# Why females should avoid a girls night out after they are ma



## YoungOldUn (Apr 12, 2011)

The other night I was invited out for a night with the 'girls.

' I told my husband that I would be home by midnight, 'I promise!'

Well, the hours passed and the margaritas went down way too easily.

Around 3 a.m., a bit loaded, I headed for home.

Just as I got in the door, the cuckoo clock in the hallway started up and cuckooed three times.

Quickly, realizing my husband would probably wake up, I cuckooed
another nine times.

I was really proud of myself for coming up with such a
quick-witted solution, in order to escape a possible conflict with him.

(Even when totally smashed... three cuckoos plus nine cuckoos totals 12
cuckoos--MIDNIGHT!)

The next morning my husband asked me what time I got in, I told him
'MIDNIGHT.' He didn't seem pissed off in the least.

Whew, I got away
with that one!

Then he said 'We need a new cuckoo clock.
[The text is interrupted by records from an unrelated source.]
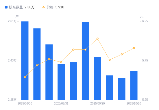 近一年(2024年10月10日至2025年10月10日),通程控股A股股东户数从2.61万户,减低至2.35万户,降幅9.97%,区间股价上涨21.97%。
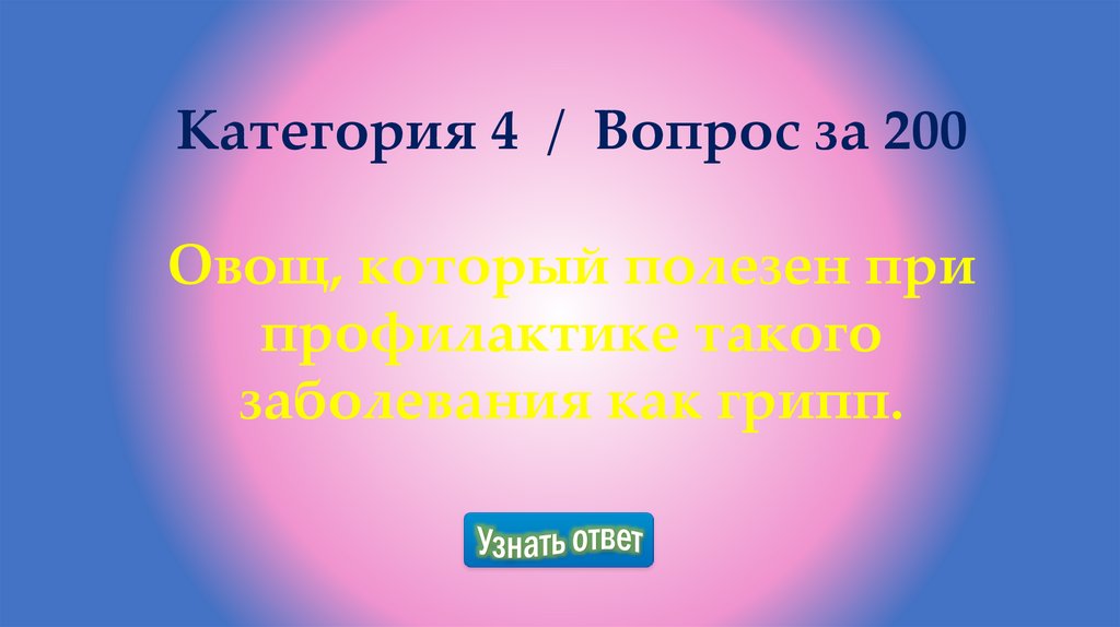Категория 4 / Вопрос за 200Овощ, который полезен при
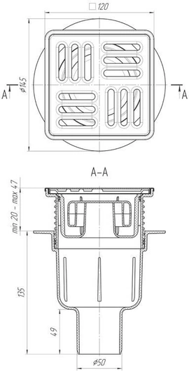 Трап АНИпласт TQ5714M вертикальный регулируемый с выпуском 50 мм, с нержавеющей решеткой 120 х 120, сухой УТ-00008251
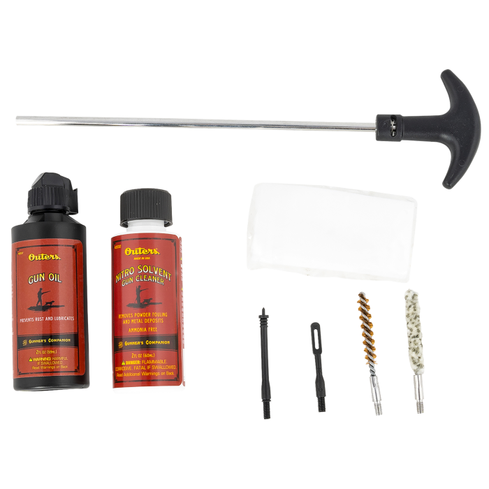 Experience precision cleaning with the Outers Aluminum Rod Pistol Kit, designed specifically for .22 caliber pistols. This comprehensive kit features a lightweight aluminum cleaning rod, perfect for maintaining the integrity of your firearm. The bronze bore brush ensures effective removal of fouling, while the wool blend mop and spear pointed jag provide meticulous care. The kit also includes a slotted patch loop and microfiber absorbent patches for thorough cleaning. Paired with a 2oz Nitro Solvent Gun Cleaner and Gun Oil, this kit delivers everything you need to keep your pistol in top condition. Ideal for firearm enthusiasts seeking quality maintenance tools in a compact package.

When I asked him why, he said, 'Well, last night our clock cuckooed
three times, then said, 'oh, sh*t.

' Cuckooed four more times, cleared its
throat, cuckooed another three times, giggled, cuckooed twice more, and then
tripped over the coffee table and farted !


----------



## YELLOW_TT (Feb 25, 2004)

:lol: :lol:


----------



## LordG71 (Jan 10, 2012)

Lol


----------



## j8keith (Jun 26, 2009)

Classic :lol: :lol: :lol: , probably why our cuckoo clock now resides in the loft.


----------



## jays_225 (Nov 4, 2009)

:lol:


----------



## Nyxx (May 1, 2012)

What a great joke :lol: :lol: :lol:


----------



## davelincs (Jan 1, 2010)

:lol:


----------



## crazyazz (Sep 26, 2012)

nice one :lol:


----------